Giải phương trình

To solve the equation x^2 + (x + |x + 1|) - 14 = 0, we can break it down into cases based on the value of x + 1.

Case 1: x + 1 ≥ 0
In this case, |x + 1| = x + 1, so the equation becomes x^2 + (x + (x + 1)) - 14 = 0.
Simplifying further, we get x^2 + 2x + 1 - 14 = 0.
Combining like terms, we have x^2 + 2x - 13 = 0.

Case 2: x + 1 < 0
In this case, |x + 1| = -(x + 1), so the equation becomes x^2 + (x - (x + 1)) - 14 = 0.
Simplifying further, we get x^2 - 1 - 14 = 0.
Combining like terms, we have x^2 - 15 = 0.

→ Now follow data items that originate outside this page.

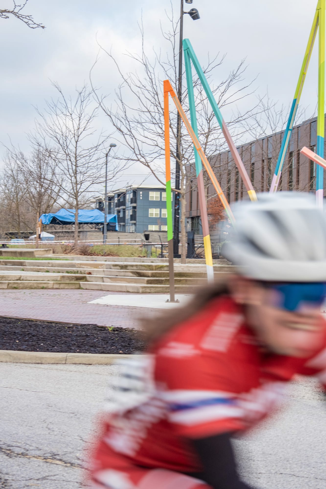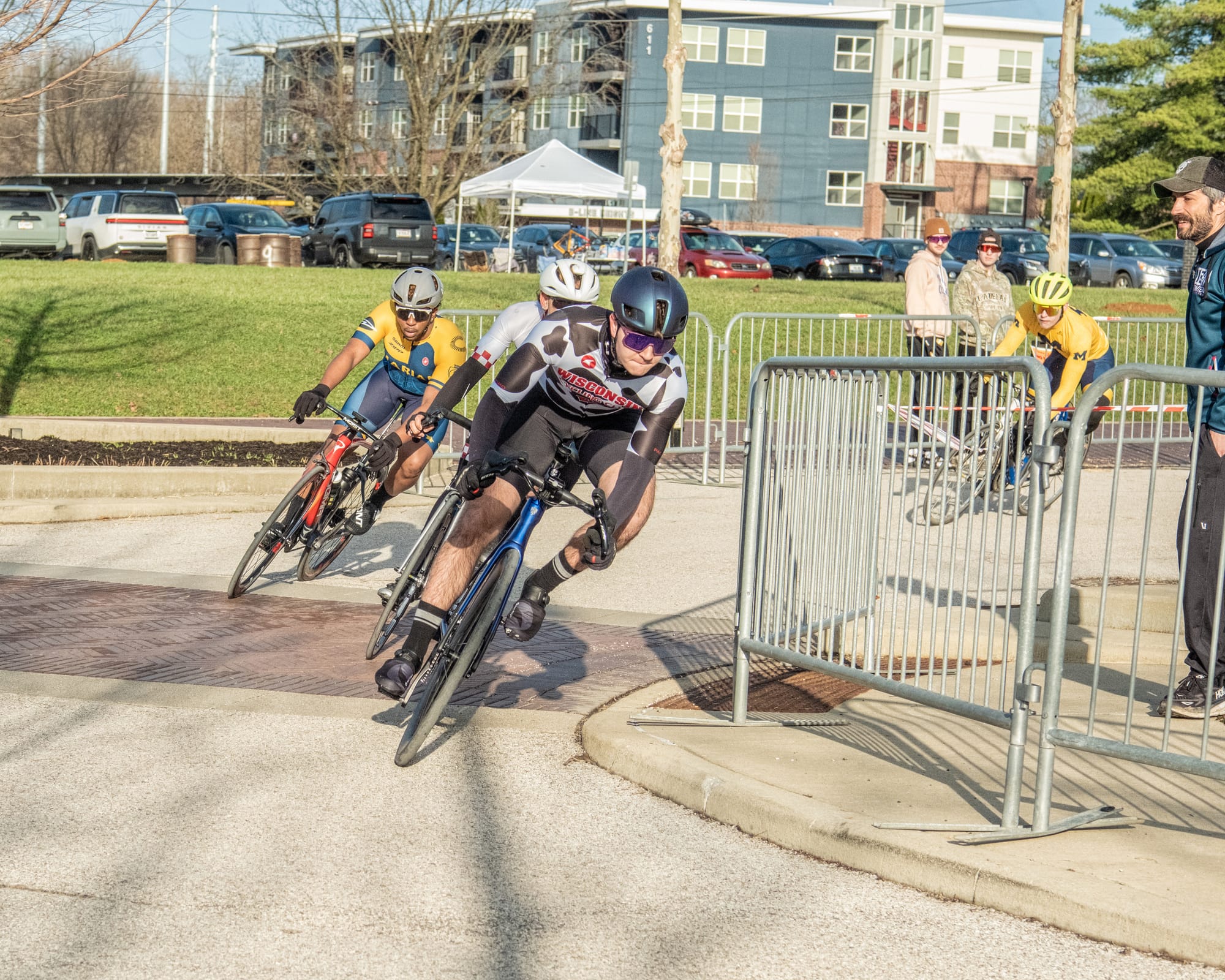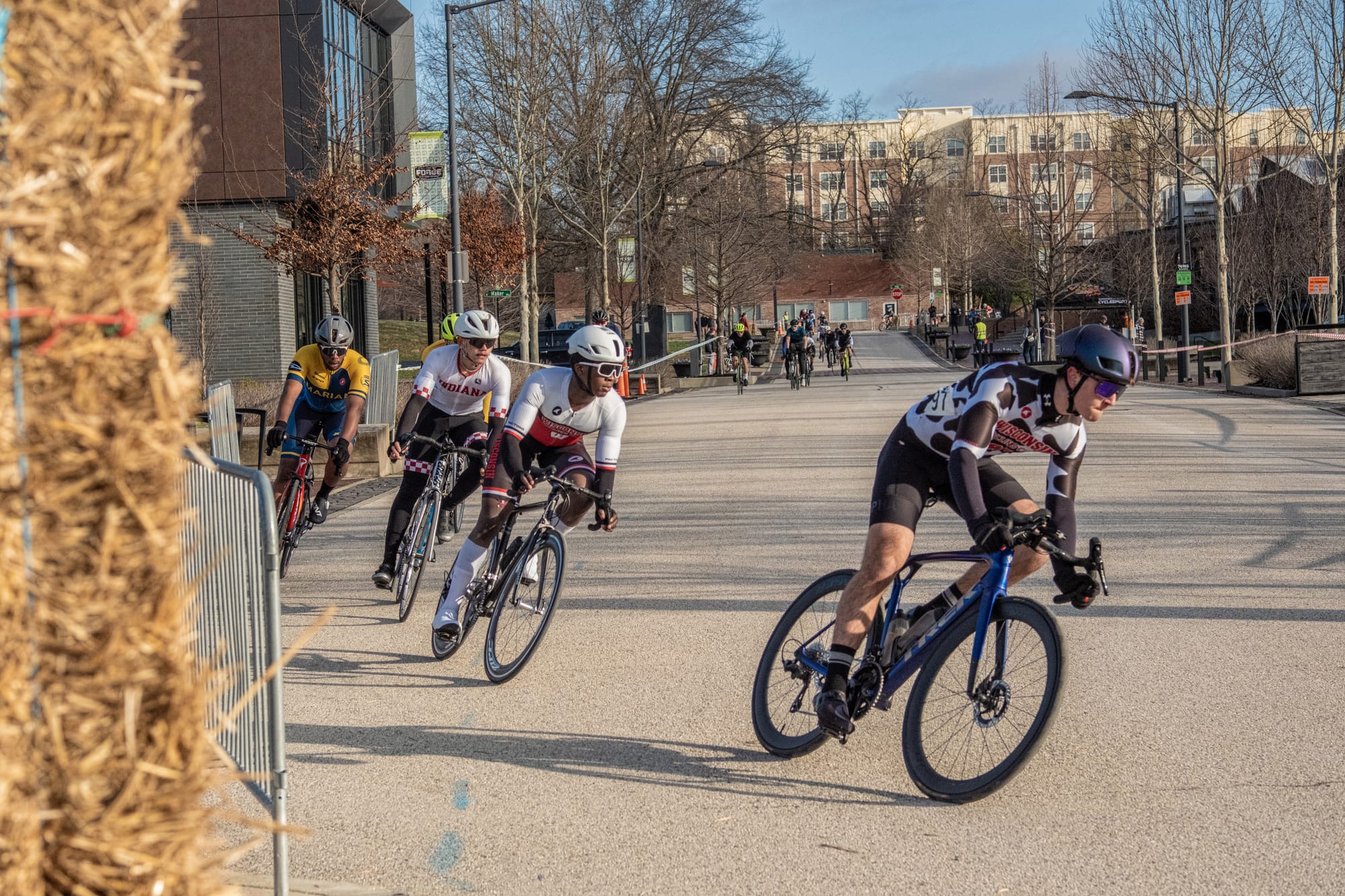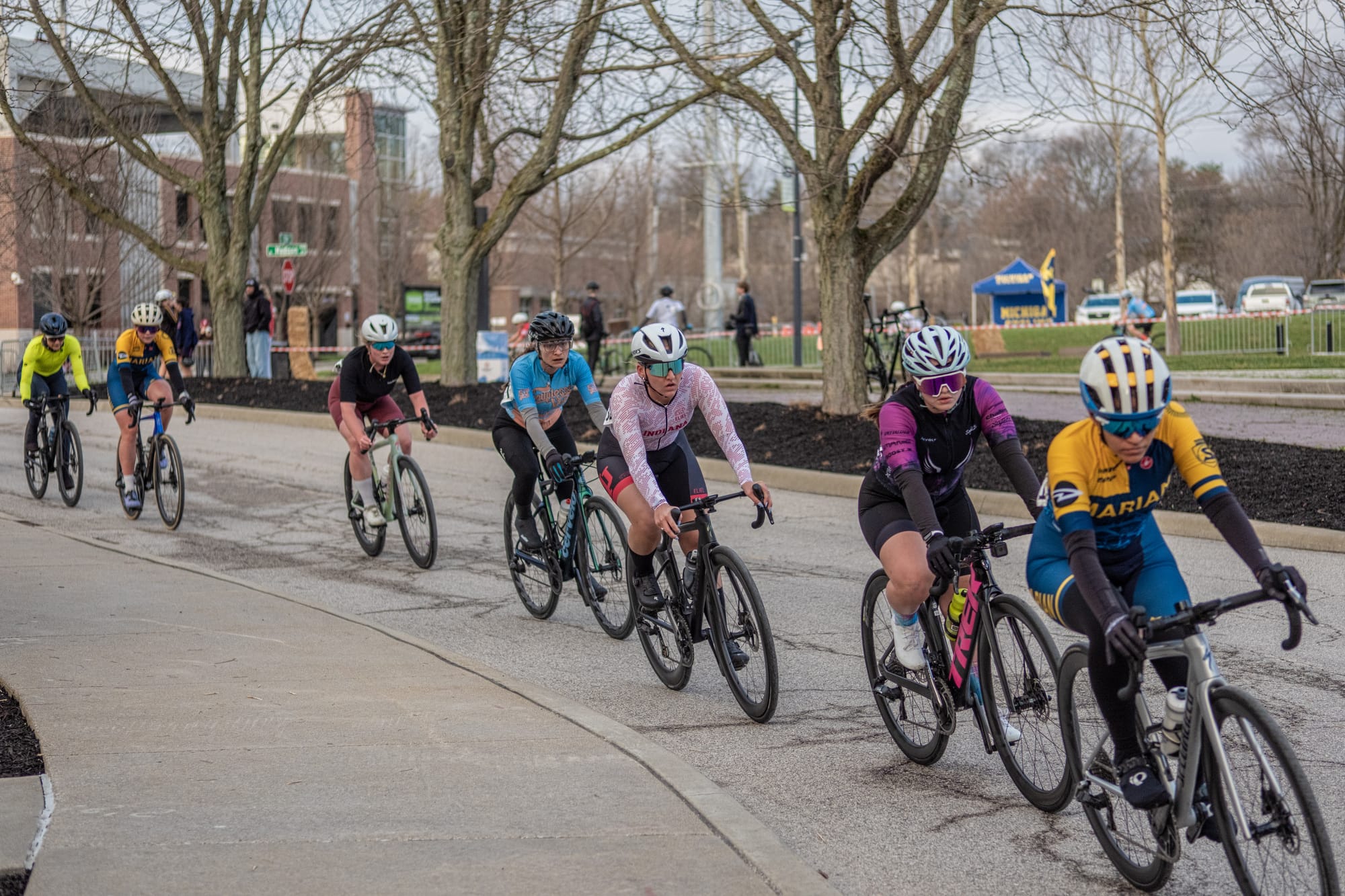 Temperatures in the low 40s made for a crisp early Sunday morning (March 8) for the Candy Stripe Criterium bicycle race hosted by the Cycling Club at Indiana University. It was part of a two-day event.
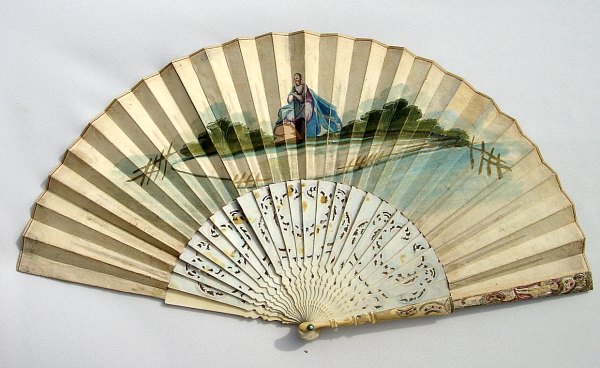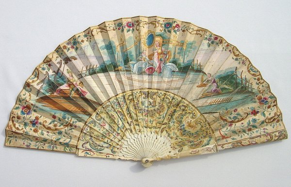 Eventail plié, vers 1770-1780. Feuille en papier peinte à la gouache, scène de cour, l'offrande du café dans un décor d'architecture champêtre. Rehauts or et encadrement de fleurs et arabesques.
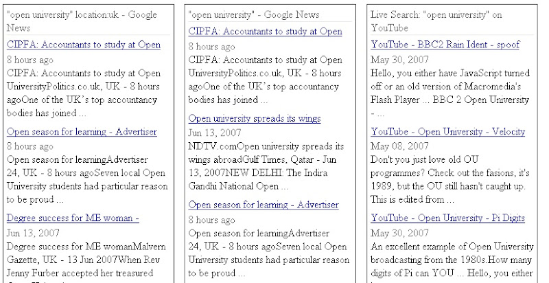 Picking up on the previous post on OPML Powered Dashboards, I couldn't resist seeing how easy it would be to build a demonstrator OPML powered dashboard using pre-existing components pulled off the web.
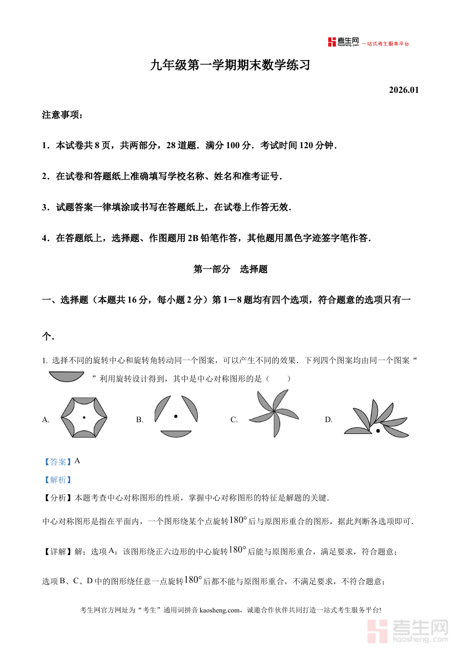 《精品解析:北京市海淀区2025-2026学年九年级上学期期末考试数学试题(解析版)》是针对北京市海淀区2025-2026学年九年级上学期期末数学考试的专业备考资料,聚焦该地区九年级学生阶段性学习成果的检验需求,依托期末考的命题方向与考核目标,为使用者提供贴合区域教学实际的参考内容。
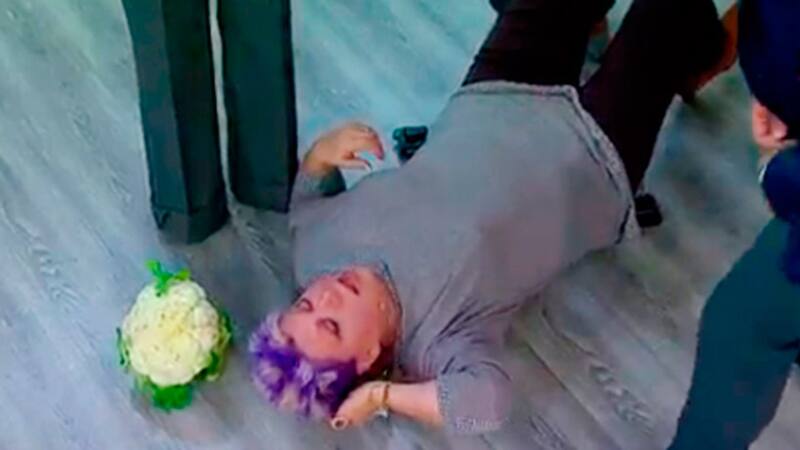 “¡Te dije weón!”, vociferó en el suelo, adolorida. “¿Estai bien?”, consultó Viñuela, asustado. Lucho Jara se acercó a auxiliarla. Pero no pudo evitar que la panelista también desatara su furia contra él.
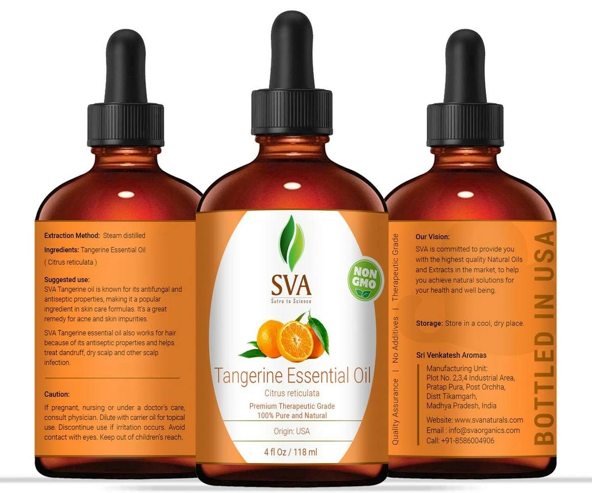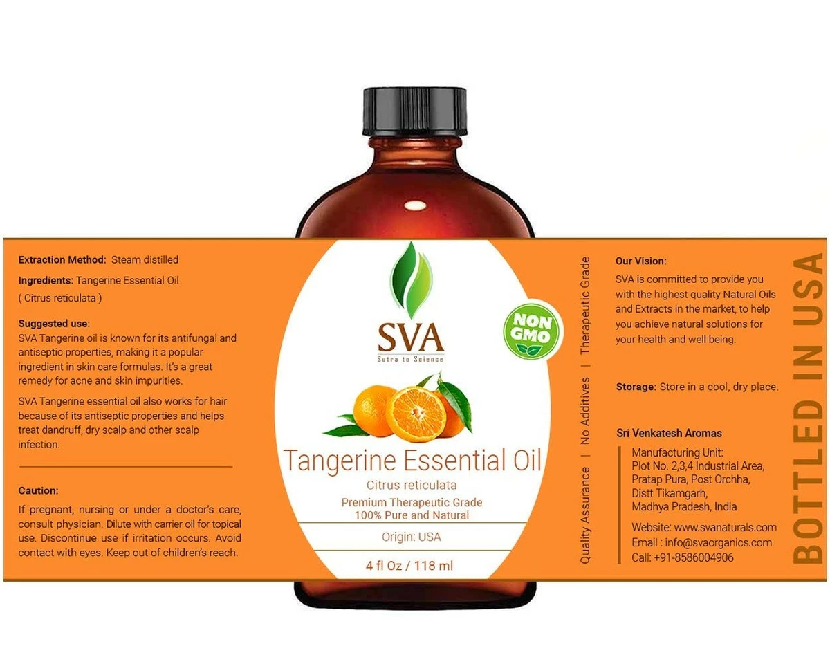 - PREMIUM THERAPEUTIC GRADE TANGERINE OIL: – SVA ORGANICS TANGERINE Oil is obtained by from Citrus Reticulata fruit peel. It is 100% Pure & Natural, Authentic essential oil. Our TANGERINE Oil is bottled in USA and is not tested on Animals. We care for you!
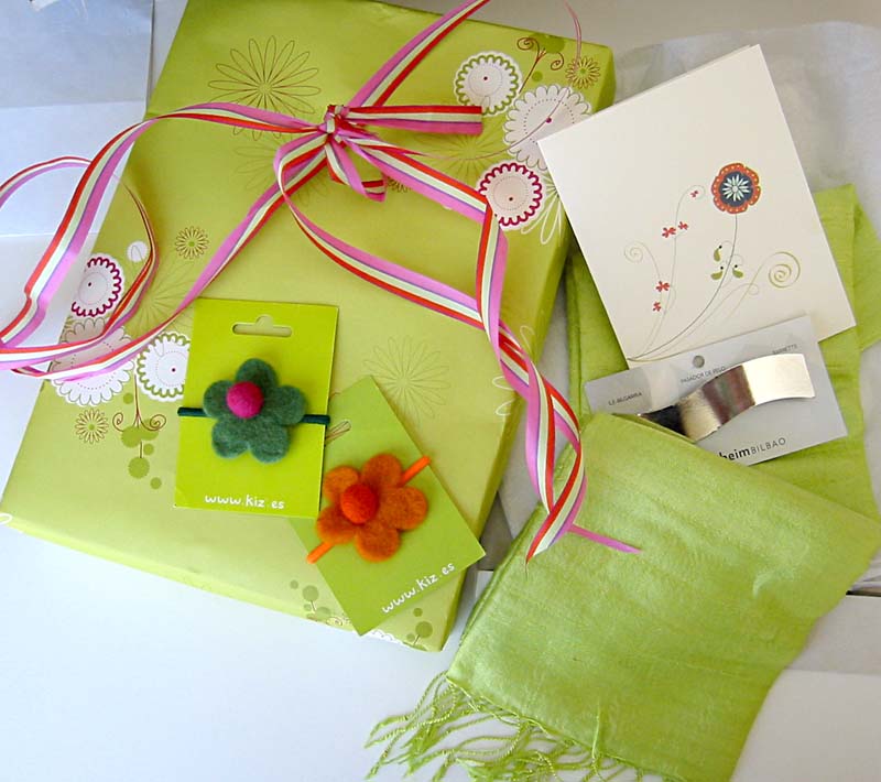 My brother and sister-in-law were traveling in Spain on vacation and picked out some beautiful gifts for me. A silk chartreuse (not charmeuse) scarf with fringe, a silver barette, and two felty deedle-bobbers! My sister-in-law is the best wrapper-upper, too. True to form the packaging is almost as beautiful as the gift.

Now, let's solve each case separately:

Case 1: x^2 + 2x - 13 = 0
Using the quadratic formula, x = (-b ± √(b^2 - 4ac)) / (2a), where a = 1, b = 2, and c = -13.
Plugging in these values, we get x = (-2 ± √(2^2 - 4(1)(-13))) / (2(1)).
Simplifying further, we have x = (-2 ± √(4 + 52)) / 2.
This becomes x = (-2 ± √56) / 2.
Simplifying the square root, we have x = (-2 ± 2√14) / 2.
Dividing both the numerator and denominator by 2, we get x = -1 ± √14.

Case 2: x^2 - 15 = 0
Using the quadratic formula, x = (-b ± √(b^2 - 4ac)) / (2a), where a = 1, b = 0, and c = -15.
Plugging in these values, we get x = (0 ± √(0^2 - 4(1)(-15))) / (2(1)).
Simplifying further, we have x = (0 ± √(0 + 60)) / 2.
This becomes x = (0 ± √60) / 2.
Simplifying the square root, we have x = (0 ± 2√15) / 2.
Dividing both the numerator and denominator by 2, we get x = ± √15.

Therefore, the solutions to the equation x^2 + (x + |x + 1|) - 14 = 0 are:
x = -1 + √14, -1 - √14, √15, and -√15.